Par Jacques Trémintin, travailleur social et chef de rubrique à Lien Social

Comme beaucoup, il m’a fallu un certain temps pour assimiler ce qui était en train de nous arriver collectivement.
Lors de la réunion d’équipe de Lien Social par Skype, le lundi 16 mars, l’hypothèse a été évoquée de suspendre notre activité, imprimeur et routeur ayant laissé peser des doutes quant à la pérennité de leurs prestations. J’ai alors mesuré la gravité du moment. Les échanges nous ont heureusement permis de cheminer. Nous pouvions les uns et les autres continuer en télétravail.
Et ce n’était pas le moment de déserter !
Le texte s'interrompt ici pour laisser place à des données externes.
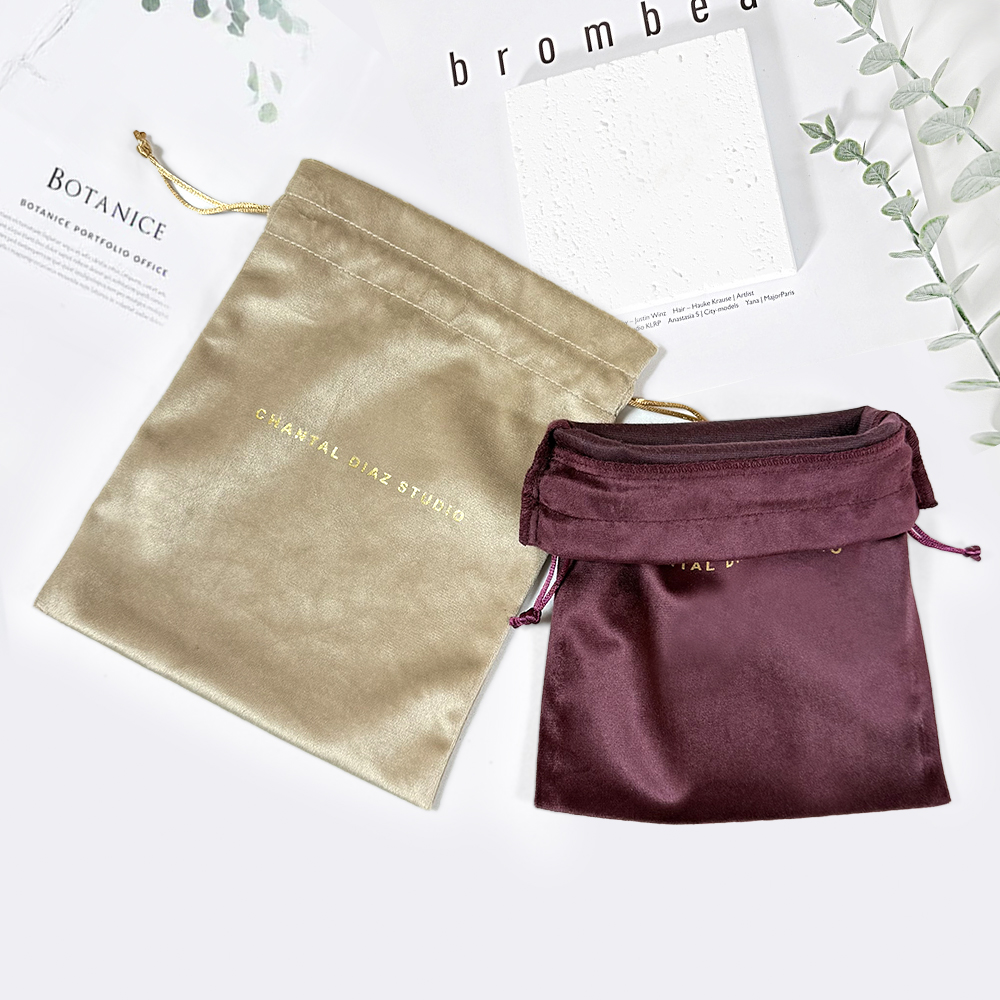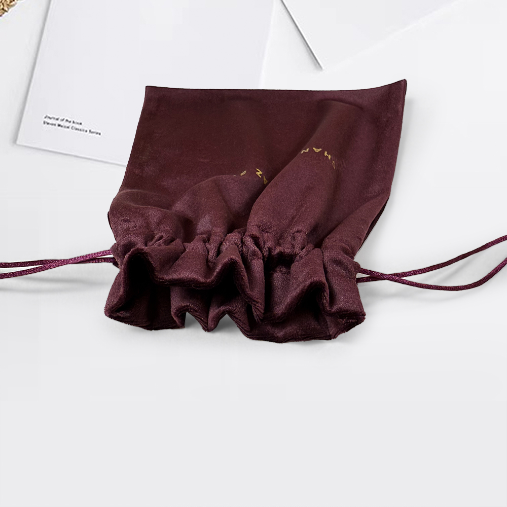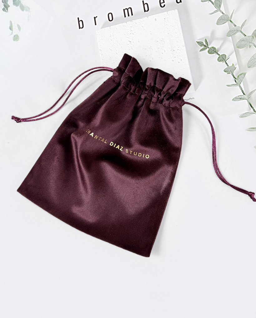 Elevate your gifting and storage with our premium velvet drawstring pouch, expertly crafted in sophisticated maroon and serene beige hues inspired by Korean aesthetics; featuring a lustrous gold foil logo for timeless elegance, this versatile bag is ideal for safeguarding jewelry, cosmetics, or small treasures while serving as an exquisite eco-friendly gift solution, combining luxurious tactile velvet texture with practical drawstring closure for everyday refinement and reusable charm.

A peine la rencontre terminée, je me suis rendu au supermarché du coin. Grosse affluence. Les rayons des pâtes, de lait longue conservation et de papier toilette étaient vides. Une dame s’est exclamée : « les gens sont vraiment idiots de céder à la panique. » Je n’étais pas loin alors d’avoir pensé comme elle. Sauf que son propre caddie était plein. Et que je me suis surpris à prendre deux boites de conserve du même produit, alors que d’habitude je n’en prends qu’une. J’ai regardé autour de moi, un peu honteux. L’inquiétude progressait.
Le mardi matin 17, visite au marché. Devant mon marchand de fromage habituel, il y a toujours une file d’attente de six ou sept clients. Une idée saugrenue m’est alors venue : et si j’imitais une grosse quinte de toux, tout le monde s’éparpillerait et je n’aurais pas à attendre. Je mesurais toutefois combien une telle idée, pour amusante qu’elle fut, pouvait s’avérer déplacée. Elle resta au stade du fantasme. La situation devenait sérieuse : le temps des canulars était passé. Il était onze-heure quand je rentrai à quelques encablures du délai de confinement.
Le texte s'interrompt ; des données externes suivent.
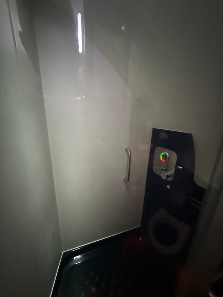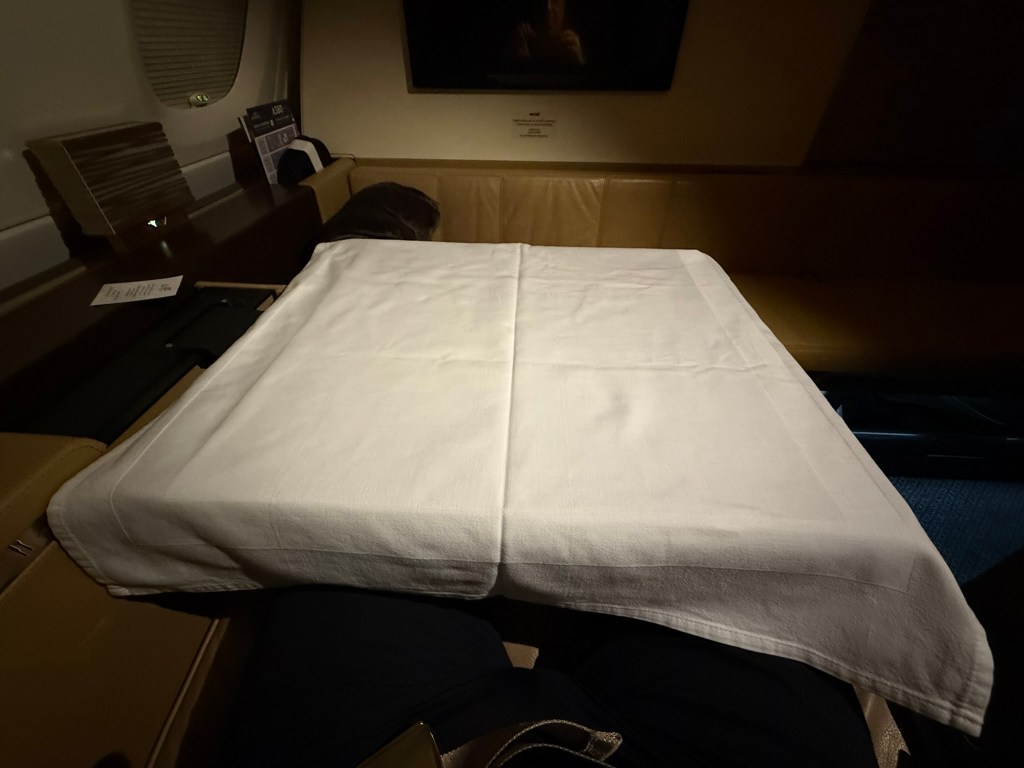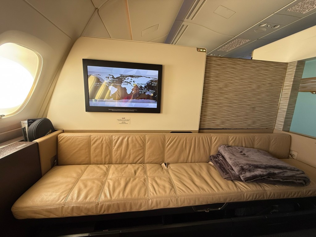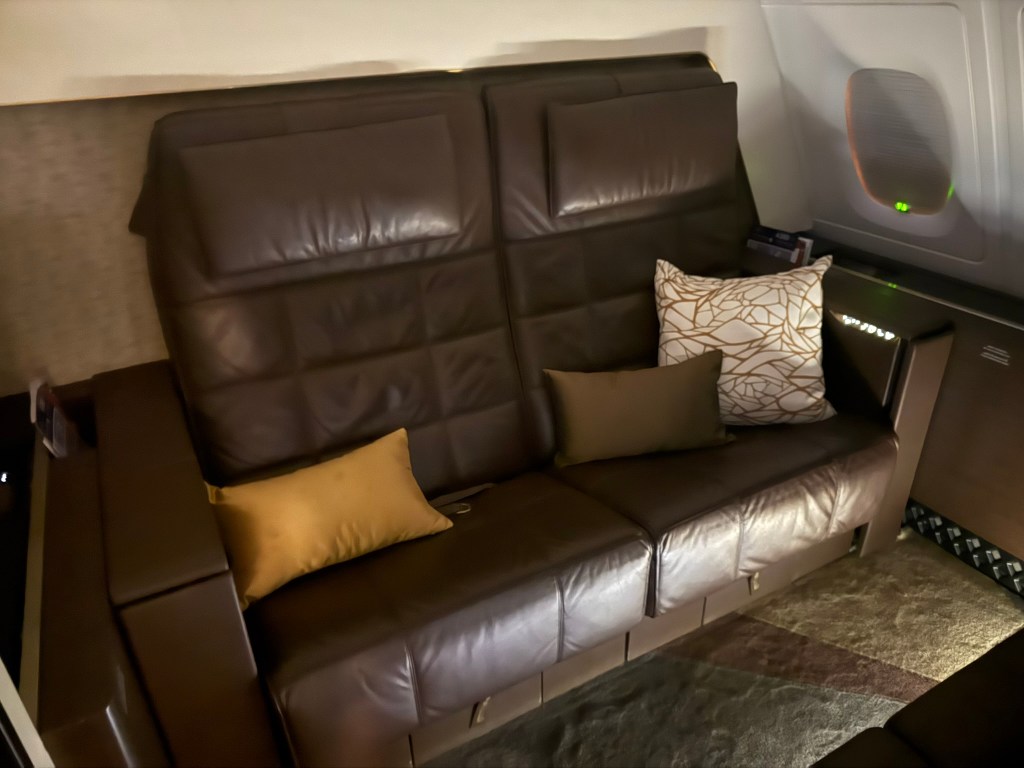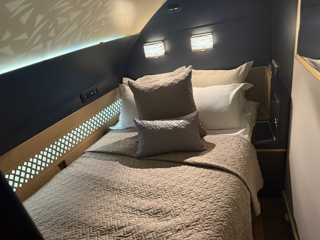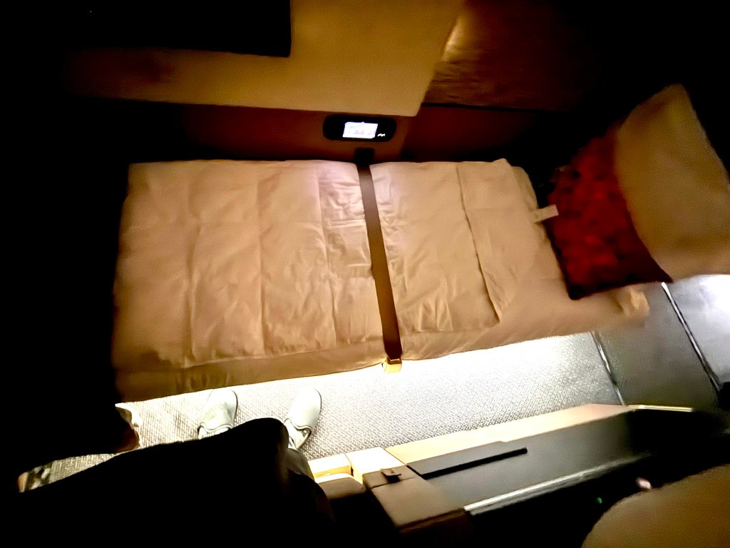 The Apartments have a lounging seat and then a long bench that turns into a bed. There are closing doors with some decorative holes in them so it’s not quite as private as Gamechanger. There’s a decent amount of storage in and around the seat although my carry-on would not fit in the space below the bench, so a flight attendant took it and placed it in business class. Thankfully, I had put a change of clothes in my backpack just in case.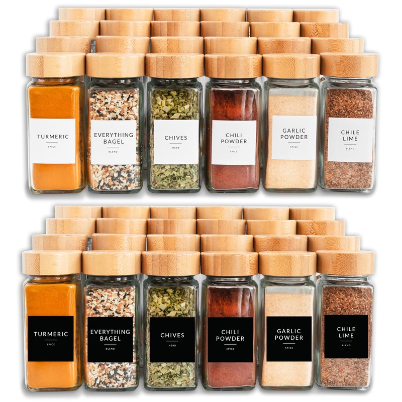 | Material Type: | 24 Glass Spice Jars with Bamboo Lids |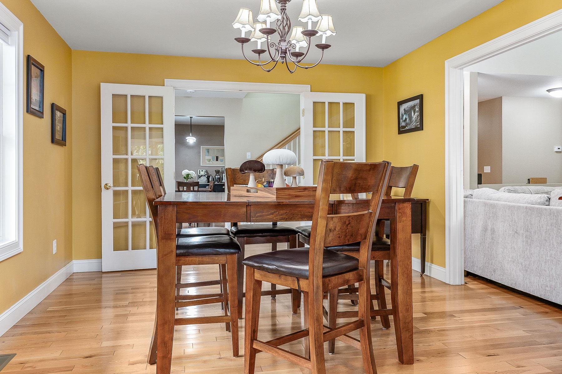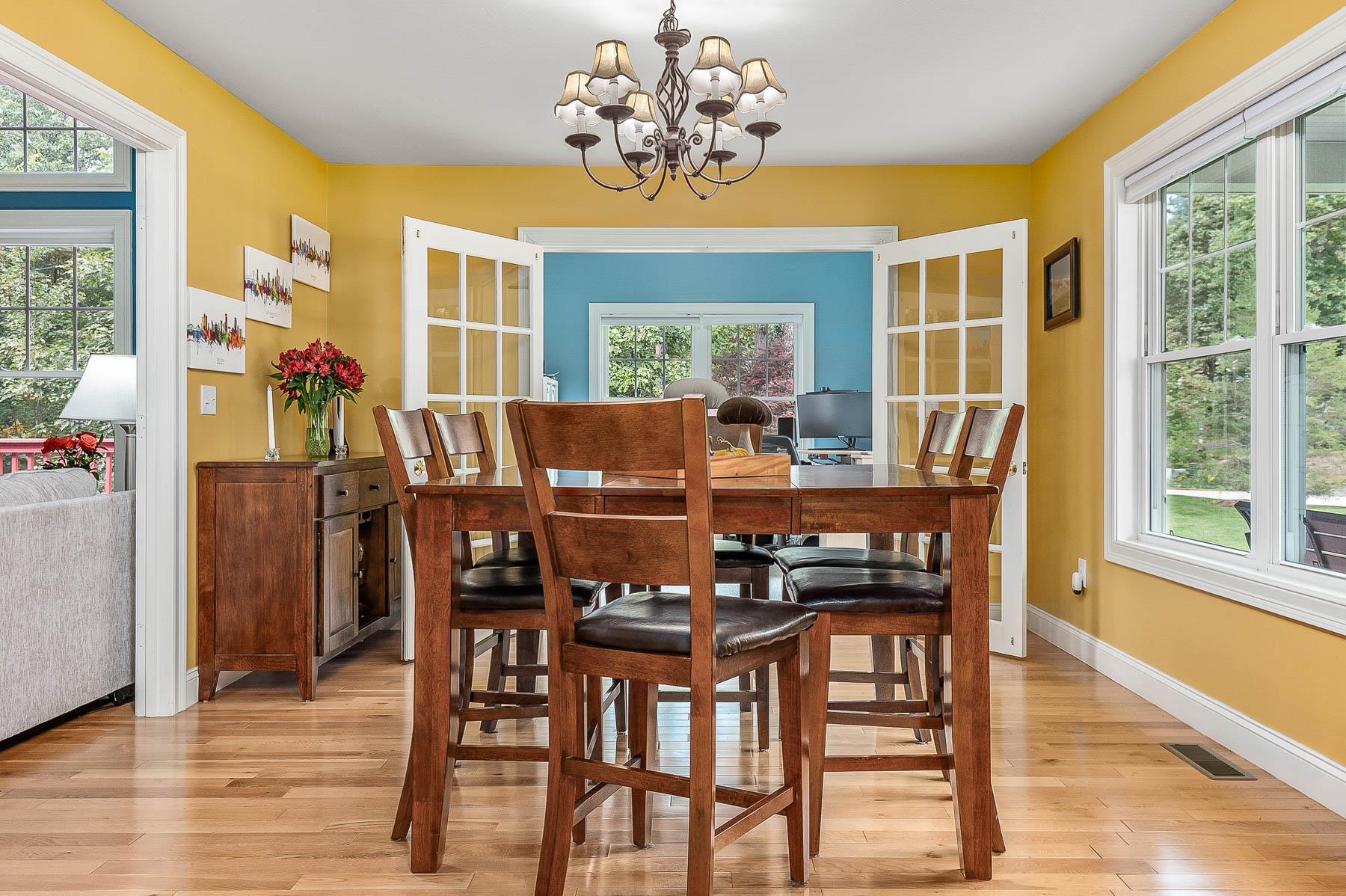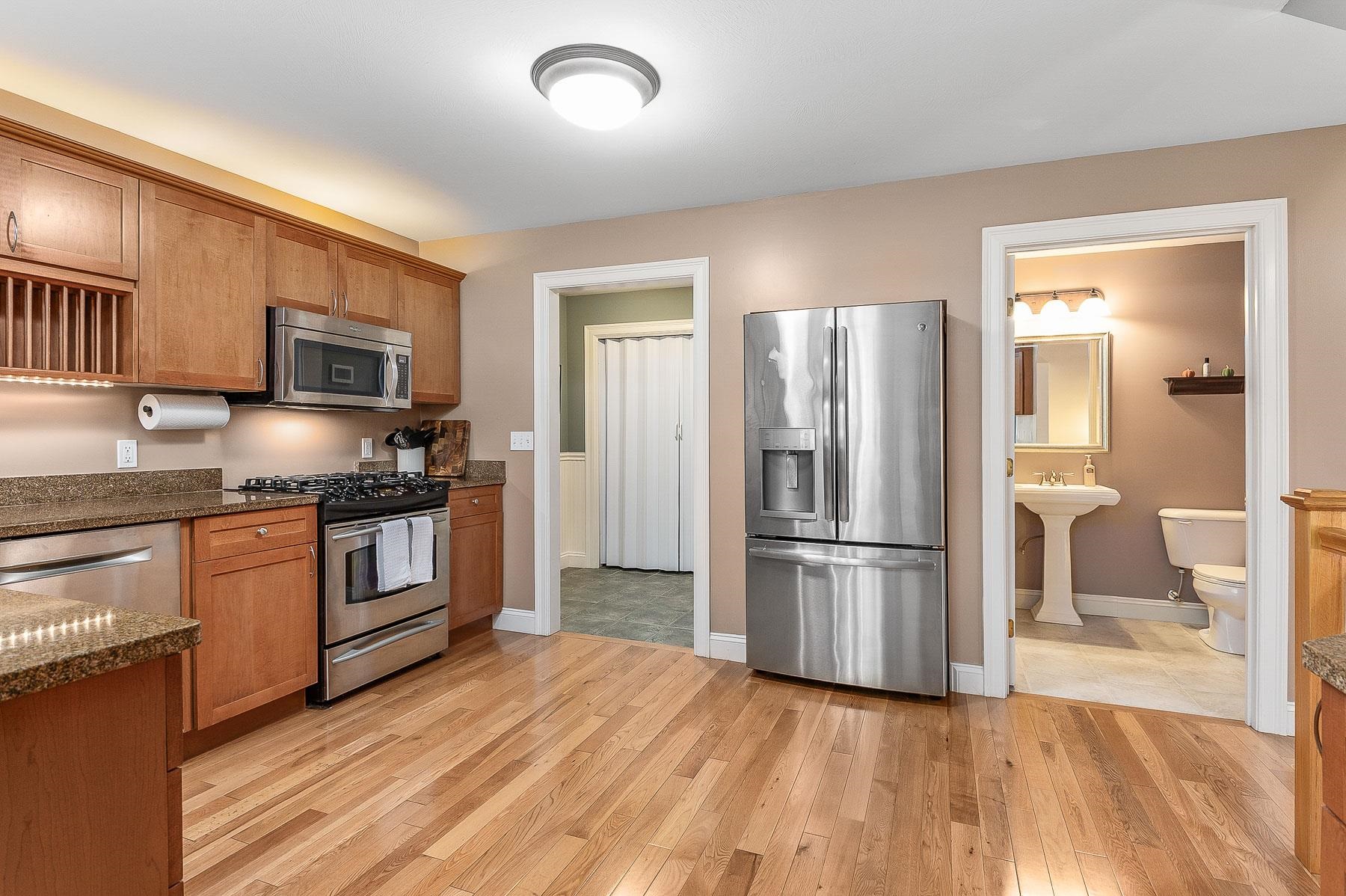 Welcome to your dream home at 5 Chandler Lane in the charming town of Amherst, NH. This modern, smartly designed residence boasts 3,600 square feet of thoughtfully crafted living space. Step into the open concept layout that seamlessly blends living, dining, and kitchen areas beneath stunning cathedral ceilings. The cozy ambiance of the gas fireplace and the elegance of hardwood floors create a warm and inviting atmosphere. The kitchen is a chef's delight, featuring granite countertops and ample space for culinary creativity. The first-floor primary suite is a serene retreat, complete with a walk-in closet and a spacious bath for a touch of luxury. With two additional bedrooms upstairs, there is plenty of space for family or guests. Ascend the granite stairs to the delightful maintenance-free front porch, perfect for enjoying peaceful moments. The home includes a finished lower level for entertainment or gym space, and a private backyard oasis with a large deck piped for propane grill and a hot tub for ultimate relaxation. Enjoy the convenience of central air, a radon mitigation system, an irrigation system and a generator with a separate breaker box have you covered for power outages for uninterrupted comfort. New roof with 20+ year transferable warranty. Minutes away from 2 golf courses (Amherst Country Club & Souhegan Woods), Jasper Valley Swim & Tennis Club and Souhegan High School. This home truly offers everything you need for a comfortable and luxurious lifestyle.

Mon filleul de 24 ans passa à l’improviste pour savoir si je n’avais besoin de rien. Il refusa de me serrer la main et passa aussitôt à la cuisine se laver les siennes. Je le félicitais. Il me répondit : « comme tu es vieux, je ne veux pas te contaminer ». C’est vrai, je n’y avais pas pensé. Je faisais partie des plus vulnérables.
Le mercredi 18, une nouvelle réunion de Lien Social se tint par Skype. La décision fut prise d’ouvrir notre site aux témoignages des professionnels de terrain qui commençaient à morfler autant que les publics qu’ils accompagnaient. L’« appel à témoignages » fut lancé. Les contributions commencèrent à affluer. Celles que nous avons reçues sont intenses, émouvantes, dramatiques. Nous avons décidé de ne pas les publier en bloc, mais de les distiller jusqu’à la fin du week-end, afin qu’elles puissent être lues et perçues une par une. Les suivantes paraitront au fur et à mesure qu’elles nous parviendront. En leur donnant directement la parole, Lien Social se veut au plus proche de ses lecteurs qui, pour beaucoup, sont sur le terrain à faire face avec courage et ténacité à une situation inconnue jusque-là. Avec eux, nous proclamons très fort : «  on ne lâchera rien !  ».